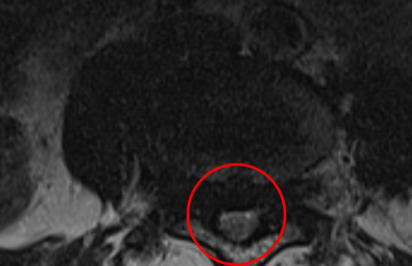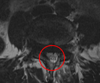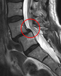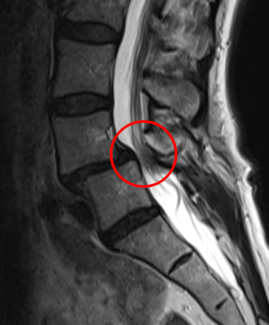 腰椎MRIを確認したところ、赤い枠で示されているL4/5 腰部脊柱管狭窄症、すべり症が見られました。特にL4/5脊柱管狭窄症に強く狭窄を認めました。
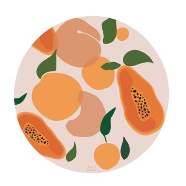 JUICY FRUIT: Oranges, peaches, papayas, oh my! TheJuicy Fruit design is a cheerful reminder of the sweet taste of summer, all year round.
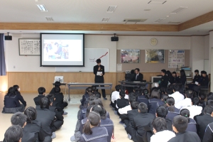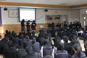 の生徒が様々な賞を受賞しました。そして、2年生の職場体験の発表を代表の事業
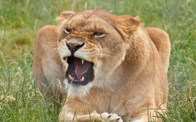 - Лъвът със стиснати зъби е предизвикателство към другите, желание да покаже своята мощ и сила;
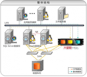 如上图所示数据安全保障整体架构,火星舱数据保护设备提供CDP功能和定时备份功能,分别实现数据库数据、系统级文件数据的实时复制与定时备份。部署火星舱数据保护设备提供FC接口和以太网接口,分别接入SAN网络和LAN网中,并将火星舱设备中的存储空间分为三部分,分别用于存储SQL Server、Oracle、以及文件等备份数据。
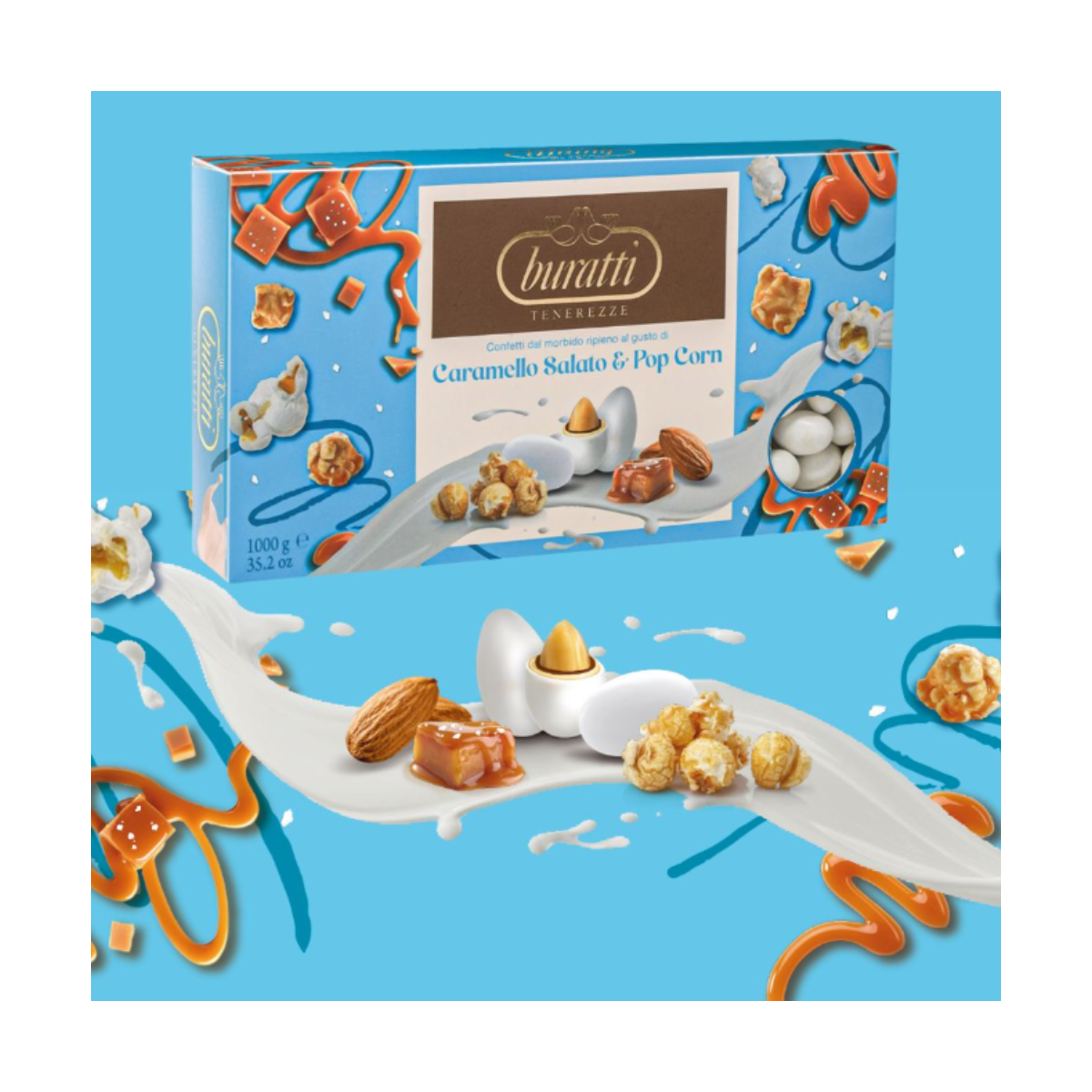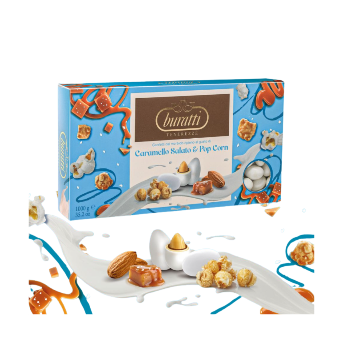 Mandorle tostate ripiene di cioccolato al latte e cioccolato bianco, con note di caramello salato e pop corn, confettate con rivestimento croccante.
------------------------------------------------------------
- [Directions for this task]:
Produce the full material again verbatim, with the pictures dropped.

- [Result for this task]:
 腰椎MRIを確認したところ、赤い枠で示されているL4/5 腰部脊柱管狭窄症、すべり症が見られました。特にL4/5脊柱管狭窄症に強く狭窄を認めました。
 JUICY FRUIT: Oranges, peaches, papayas, oh my! TheJuicy Fruit design is a cheerful reminder of the sweet taste of summer, all year round.
 の生徒が様々な賞を受賞しました。そして、2年生の職場体験の発表を代表の事業
 - Лъвът със стиснати зъби е предизвикателство към другите, желание да покаже своята мощ и сила;
 如上图所示数据安全保障整体架构,火星舱数据保护设备提供CDP功能和定时备份功能,分别实现数据库数据、系统级文件数据的实时复制与定时备份。部署火星舱数据保护设备提供FC接口和以太网接口,分别接入SAN网络和LAN网中,并将火星舱设备中的存储空间分为三部分,分别用于存储SQL Server、Oracle、以及文件等备份数据。
 Mandorle tostate ripiene di cioccolato al latte e cioccolato bianco, con note di caramello salato e pop corn, confettate con rivestimento croccante.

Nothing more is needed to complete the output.